Preparations for Quadrennial Review Underline Broad Support for "Delivering as One"

  • by IPS Correspondents (united nations)
  • Inter Press Service

UNITED NATIONS, Jul 17 (IPS) - Efforts to ensure the UN's continued relevance in global development took centre stage on Monday, as executive heads of UN funds and programmes, including UNDP, UNICEF, UN-Women, WFP, UNOPS, UNFPA and ESCAP assembled in the ECOSOC Chamber to reviewed successes and challenges in integrating development missions across a plethora of UN agencies.  

  UN-wide reform has been spearheaded since 1997 by the UN Development Group (UNDG), in an effort to cut duplication in the work of  the various UN agencies’ at the country level and create a system that’s able to respond to a rapidly changing international development landscape.
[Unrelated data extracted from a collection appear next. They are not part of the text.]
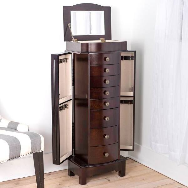 Standing Jewelry Chest Tall Armoire Wood Organizer Cabinet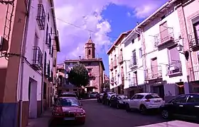 - Paisaje urbano de Camarena de la Sierra (Teruel), con detalle de la parroquial al fondo (2017).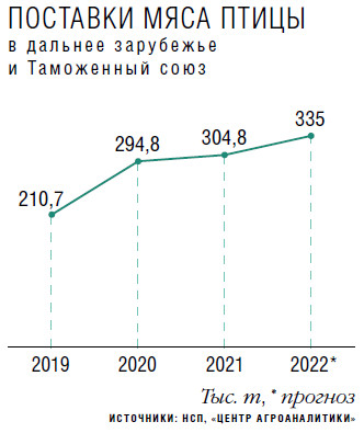 Согласно данным Национального союза птицеводов (НСП), в первом квартале 2022 года экспорт птицеводческой продукции вырос в натуральном выражении в полтора раза, а в стоимостном — более чем в два раза относительно аналогичного периода 2021-го. В апреле и мае рост продолжился, хоть и не такими высокими темпами.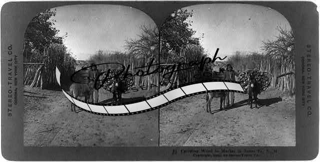 Carrying wood to market in Santa Fe,N.M.,New Mexico,c1909,Indian,donkeys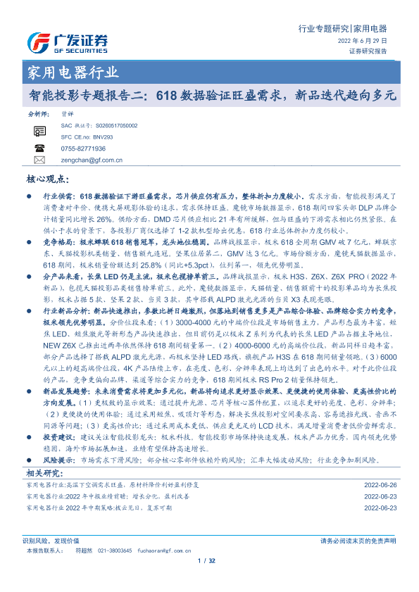【广发证券】【20220629】家用电器行业:智能投影专题报告二:618数据验证旺盛需求,新品迭代趋向多元-32页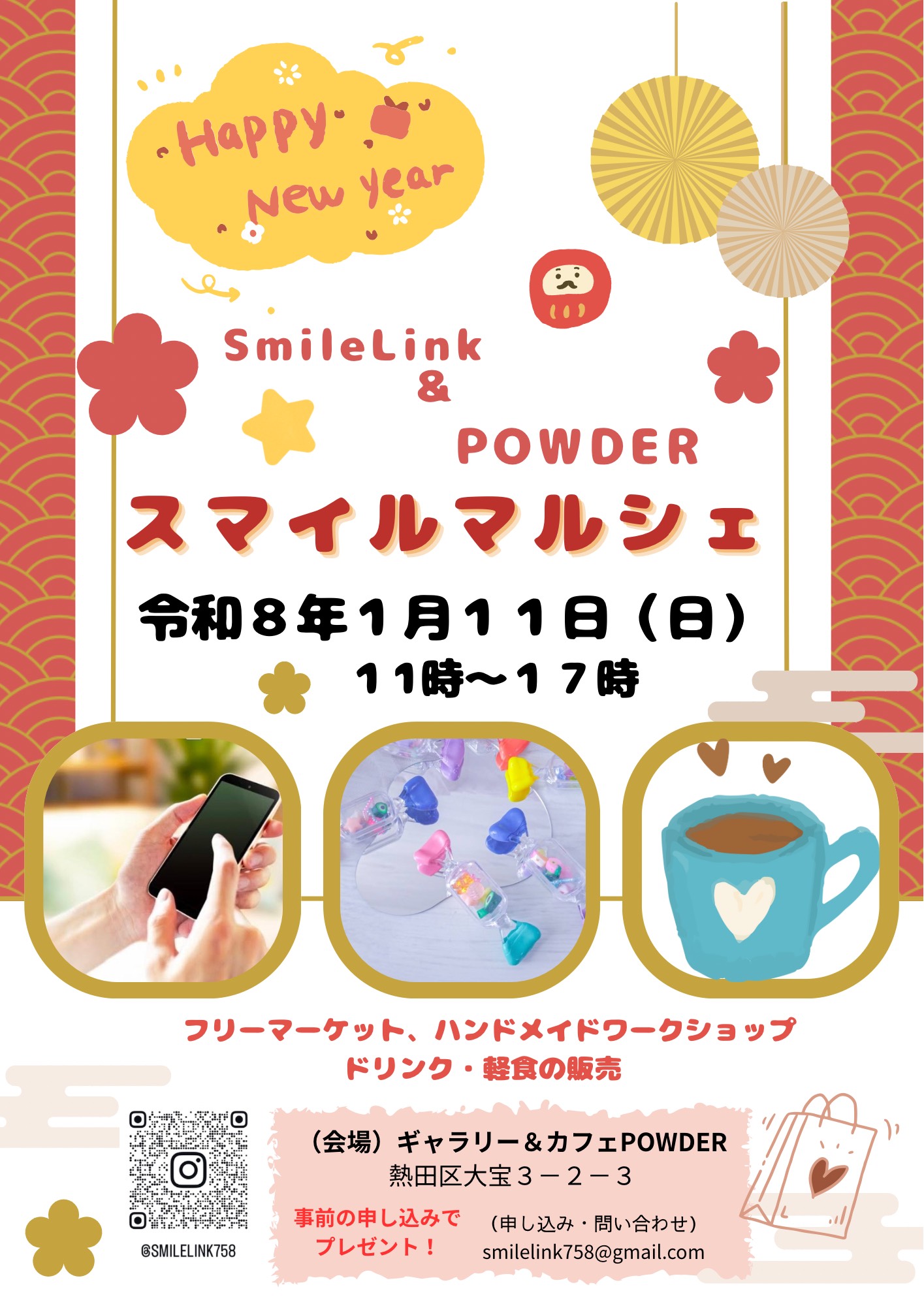 *件名に「スマイルマルシェ」に参加希望、とお書き下さい。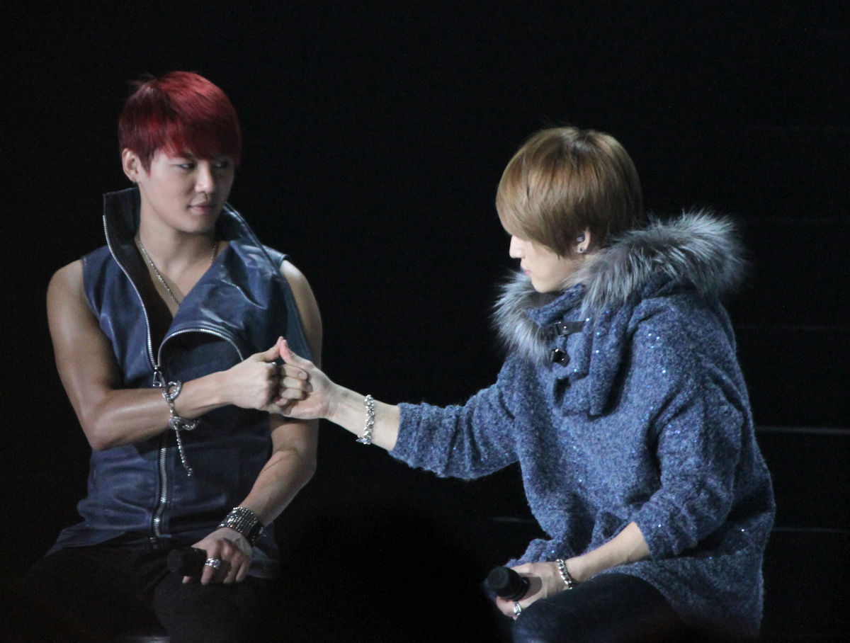 看视频的时候看到金在中很自然地转过身去向金俊秀伸出手,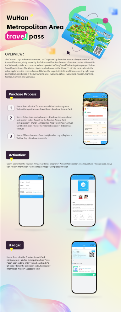 为便利境外游客来湖北旅游,让他们能够深入领略武汉都市圈的美丽风光和深厚文化底蕴,武汉都市圈9个兄弟城市文旅部门联合发行“武汉都市圈旅游年卡”海外版。海外用户可以通过微信小程序搜索旅游年卡小程序“Wuhan metropolitan area travel pass”购买年卡,畅游武汉、黄石、鄂州等武汉都市圈内9城多家优质景点、场馆、游玩项目。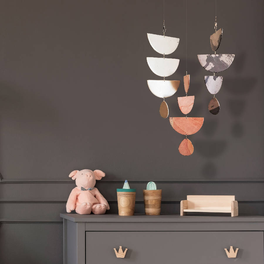 It is made of a single line of three half-circles joined with one teardrop at the end. We recommend hanging them in groups to inspire your living room, calm your bedroom sanctuary or above a work desk to ease your day.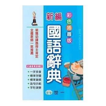 本辭典收錄近七千字,字形、字音以教育部公布的”國字標準字體”、”國語一字多音審訂表”及”常用國字標準字體筆順”為準,內容除了有造句示範外,並有配合字義、詞義的彩圖說明,一目了然。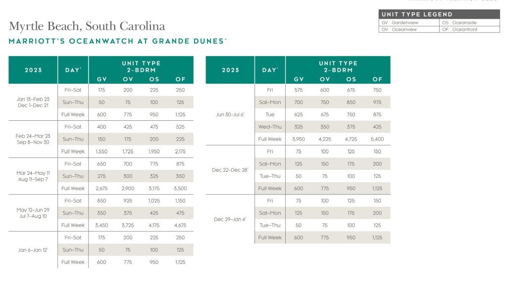 Let me walk you through the process. I’ll use OceanWatch in Myrtle Beach, SC as an example. By looking at the Points Chart for OceanWatch 2023, we can see that the most popular times to go is over the 4th of July (5400 Club Points Ocean Front view for the week). Next most points required is during the summer months – middle of May to middle of August for 4675 Club Points, Ocean Front view.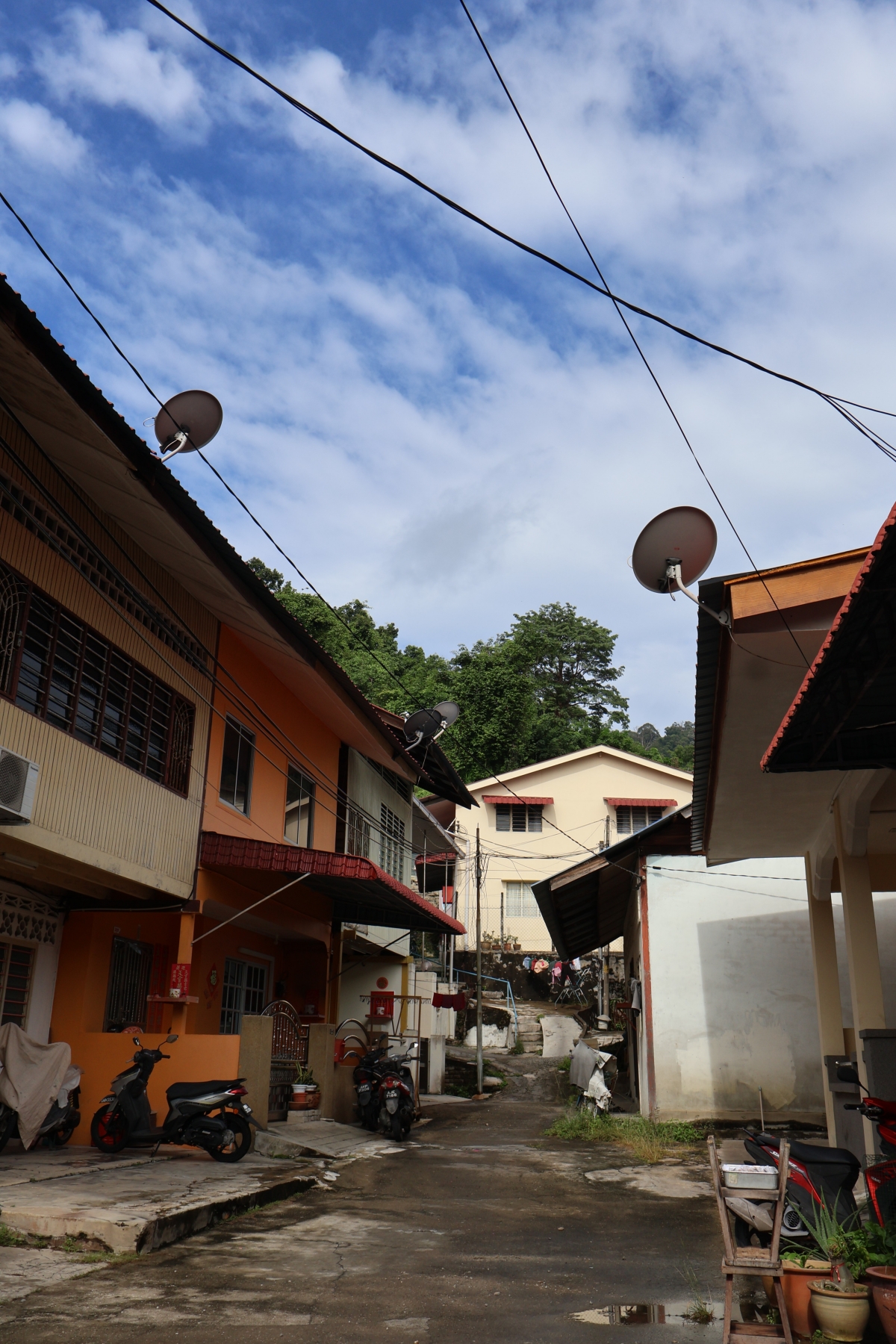 早期的邦咯岛民宅多沿海而建,后来因为土地不足,开始往山坡上发展。可见这周围的街道高低不平,许多房屋都依山而立。

In addition to improving relevance of UN missions in host countries, horizontal coordination is one way the UN hopes to cut costs in an economic climate in which the organization as a whole is struggling to secure funds, having experienced a 167 billion shortfall in 2011 alone, according to a recent study by the UN Department of Economic and Social Affairs (UNDESA). .
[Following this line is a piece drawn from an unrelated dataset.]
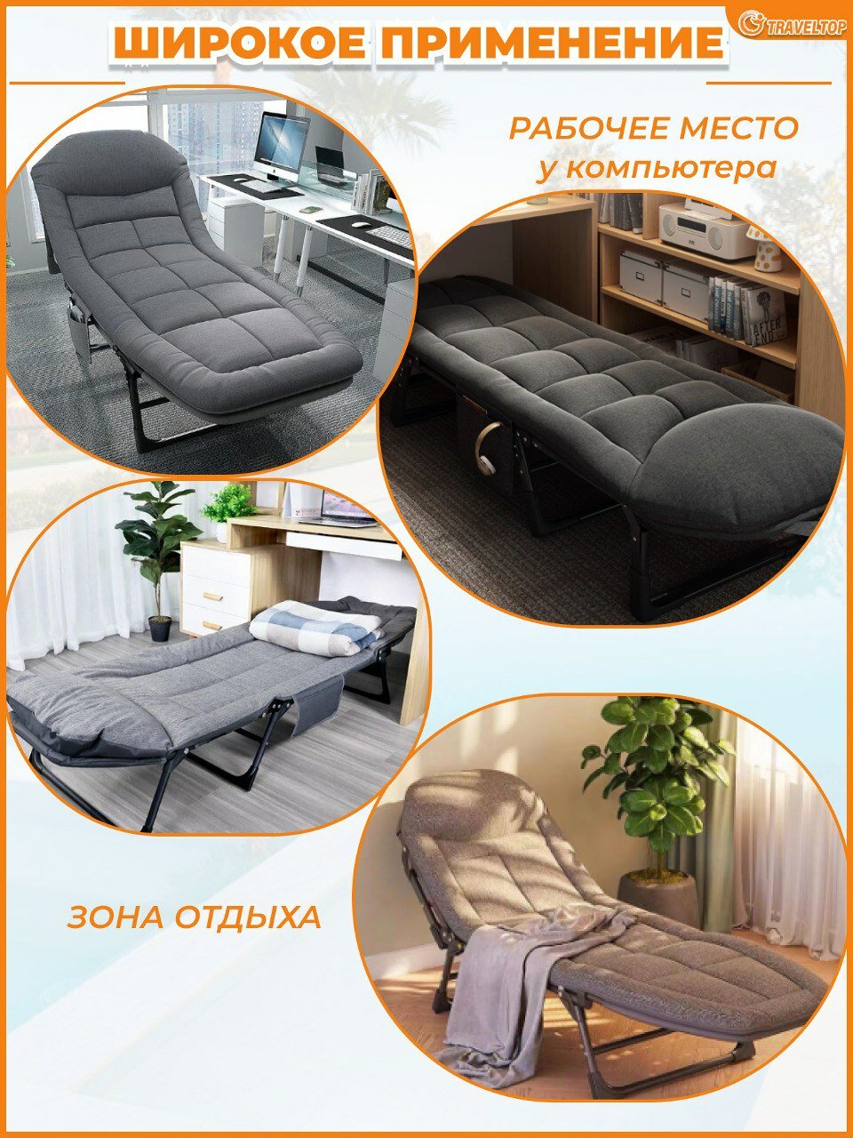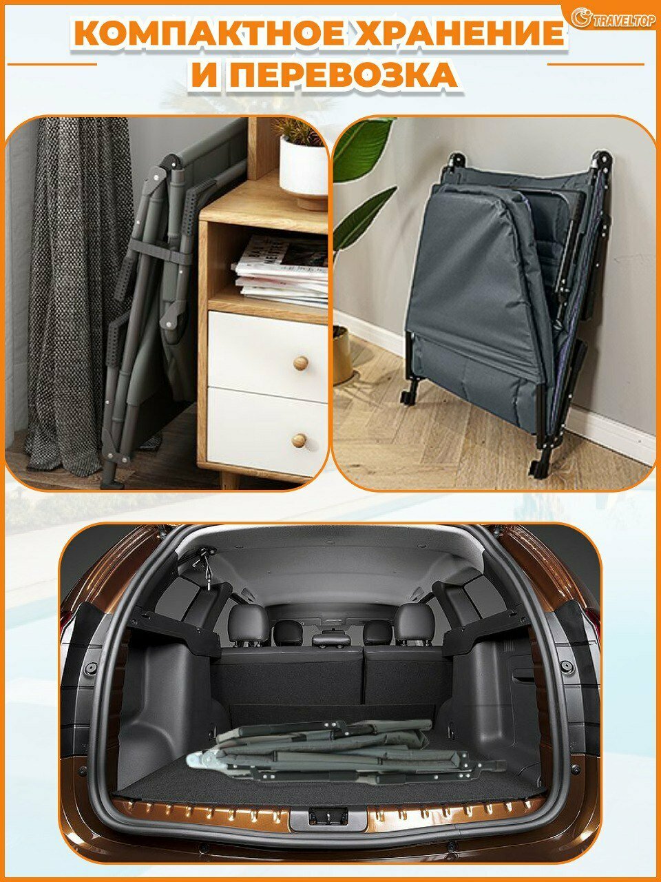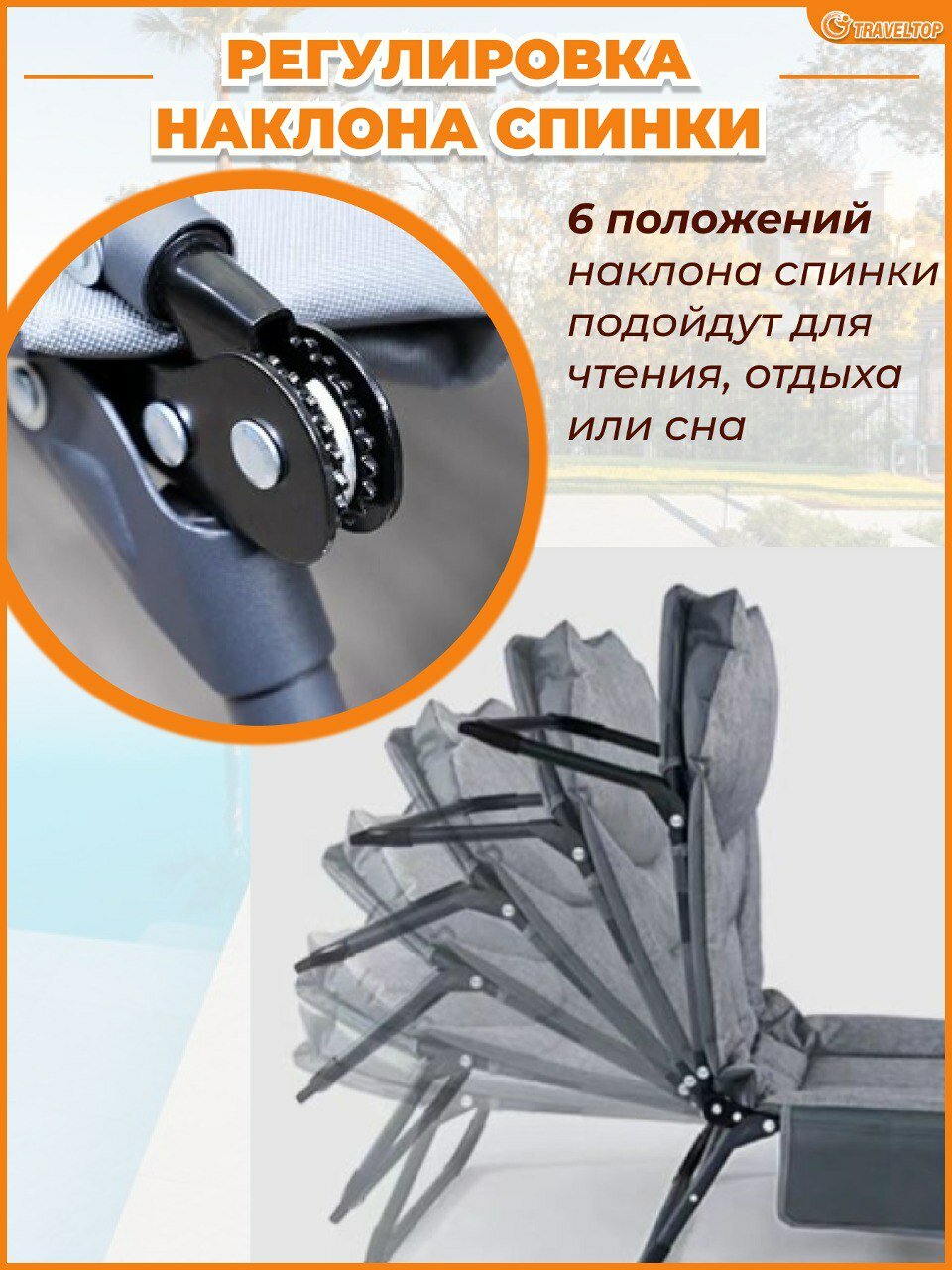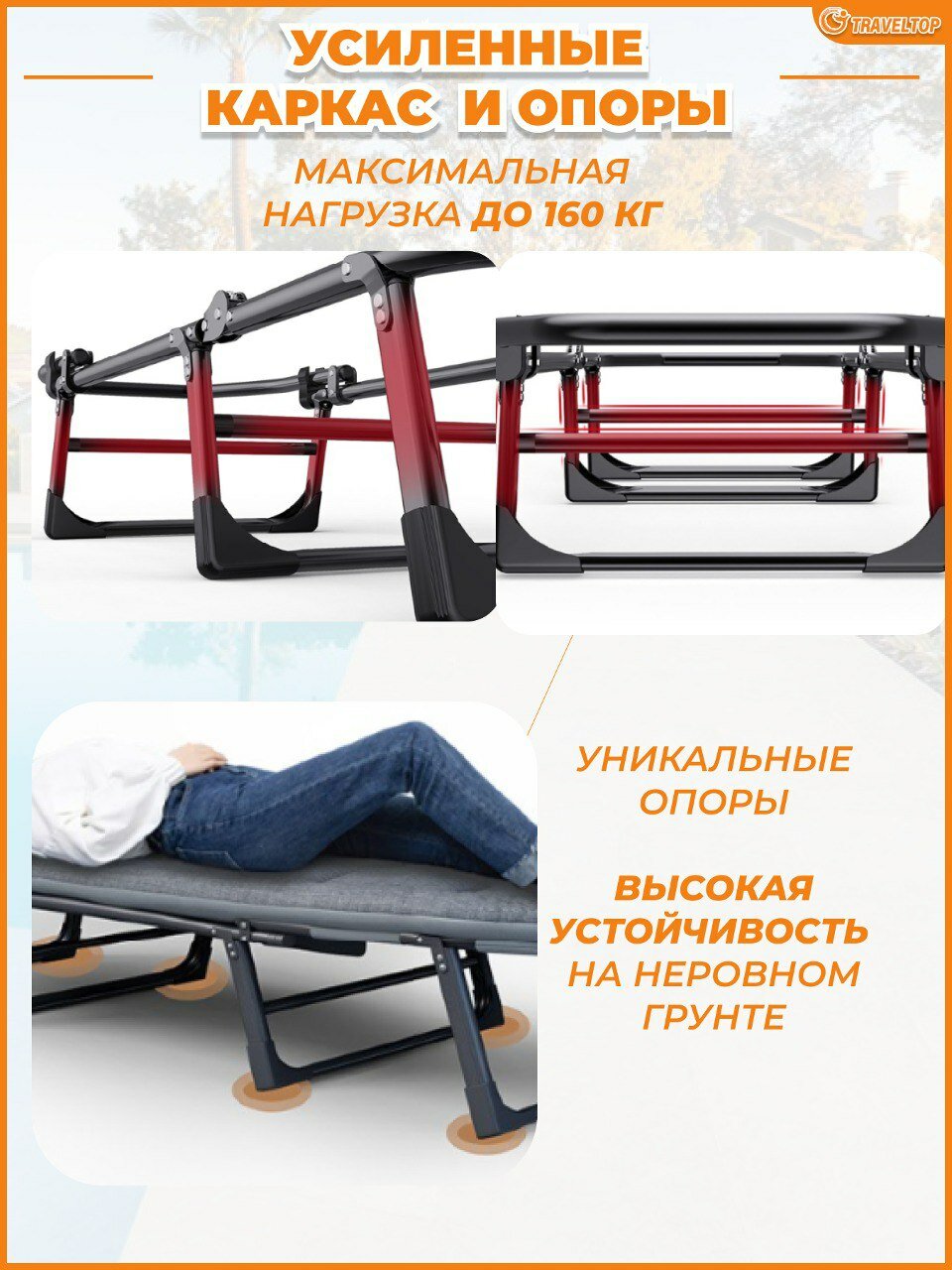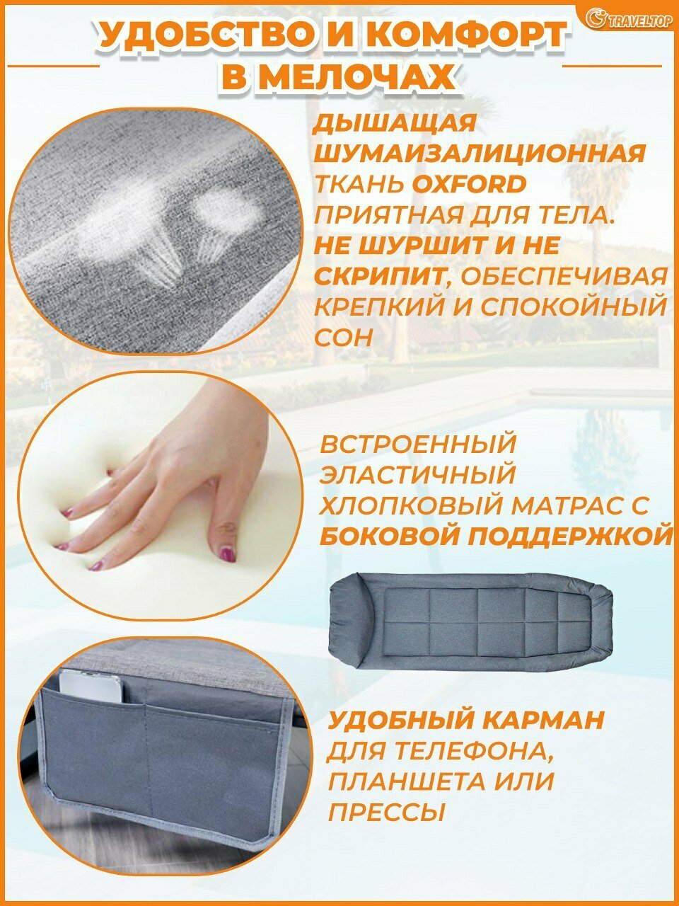 Туристическая раскладушка с регулируемым изголовьем и встроенным матрасом, Traveltop 190х67х28, до160кг интересное:

“If we reduce cost, we have to harmonise and simplify,” said Anne-Birgitte Albrectsen, Deputy Executive Director of the United Nations Population Fund (UNFPA),  who estimated that joint procurement by all agencies alone could save the UN 64 million dollar annually.

At the same time, agency heads agreed that “One size does not fit all,” as Anthony Lake, Executive Director of UNICEF, the United Nations Children’s Fund, put it, emphasizing that the UN ought to shape its collaborative interventions at the country level to the needs of host countries.
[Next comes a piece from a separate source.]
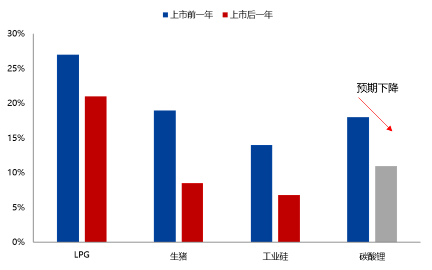 據(jù)相期貨公司預(yù)測,參考最近三年新增的品種LPG、生豬和工業(yè)硅,上市后歷史波動率均值較之前明顯下降。最近一年電池級碳酸鋰歷史波動率均值為18%,期貨上市后預(yù)計逐步下降至11%左右。

Lake likes to see future UN development collaboration take place within issue-specific groups of agencies, “like we currently do in humanitarian settings.”

Monday’s discussion  was part of the preparation for the 2012 Quadrennial Comprehensive Policy Review (QCPR), a regular assessment of UN development operations worldwide, and was informed by a survey of programme country governments on the relevance, effectiveness and efficiency of UN activities in their country.

The majority of countries indicated strong alignment of UN country activities and the country’s development priorities, an endorsement that is “reassuring,” according to Michelle Bachelet, Executive Director of UN Women, “But also challenging as it puts the onus back on the UN system to deliver and to demonstrate how it can build its assets to enhance overall effectiveness as we approach the Millennium Development Goal (MDGs) countdown and the post-2015 discussion.“

The predominant majority of countries credited UN planning frameworks, like UNDAF, for the increase in alignment, while others highlighted continued fragmentation and the need for implementation through joint agency programmes.

Closer collaboration between UN and governments, simplification and harmonisation of procedures, and improvements to monitoring and evaluation were among a number of actions mentioned in the country survey that the UN can take to increase its effectiveness.

In the area of efficiency, there is “much room for improvement” with duplication continuing to be an issue and many countries wishing to see better use of national systems and capacities, and well as larger national ownership over development initiatives.

One model that has made significant progress in these areas is the Delivery as One (DaO) approach, which is widely seen as the future for UN development assistance at the country level.

Delivery as One was introduced in eight pilot countries in 2007 in an effort to increase the UN’s local impact through more coherent programmes and seizing comparative advantages of the different members of the UN family while cutting costs for governments and the UN alike.

DaO has further proven to be effective in giving greater prominence to cross cutting issues like gender, according to Bachelet.  DaO pilot countries stood out from other countries in the country survey in their positive view on the UN’s effectiveness and efficiency, while numerous non-pilot countries stated the UN’s relevance in their country would increase if DaO were to be extended to them.

“Time has come, is overdue actually, to expand delivery as one,” said Jan Mattsson, Executive Director of UNOPS, the United Nations Office for Project Services, who admitted to “a sense of impatience with the pace of necessary reforms”.

A larger emphasis on partnership also needs to translate in to a larger emphasis on regional collaboration and south-south relationships to tackle ever-growing number of transboundary issue, according to Noeleen Heyzer, Executive Secretary of the Economic and Social Commission for Asia and the Pacific (ESCAP).

What the UN’s efforts toward greater horizontal collaboration will look like in practice is likely be determined by the end of this year.

“The ECOSOC discussion informs the General Assembly discusison on the policy review.” Helen Clark, Administrator of the United Nations Development Programme and Chair of the UN Development Group, told IPS following Monday’s dialogue. “So the Secretary General’s report on the review will be fine tuned for the next step, taking into account member states comments and ongoing comments by all the specialized agencies, UN funds and programmes.

The discussion on the QCPR resolution will start immediately after high-level meeting of the General assembly in September, she added, with an aim to have a resulution by the end of the year.   “It’s a four yearly review, so by the time we come back in four years we hope to have done a lot to it.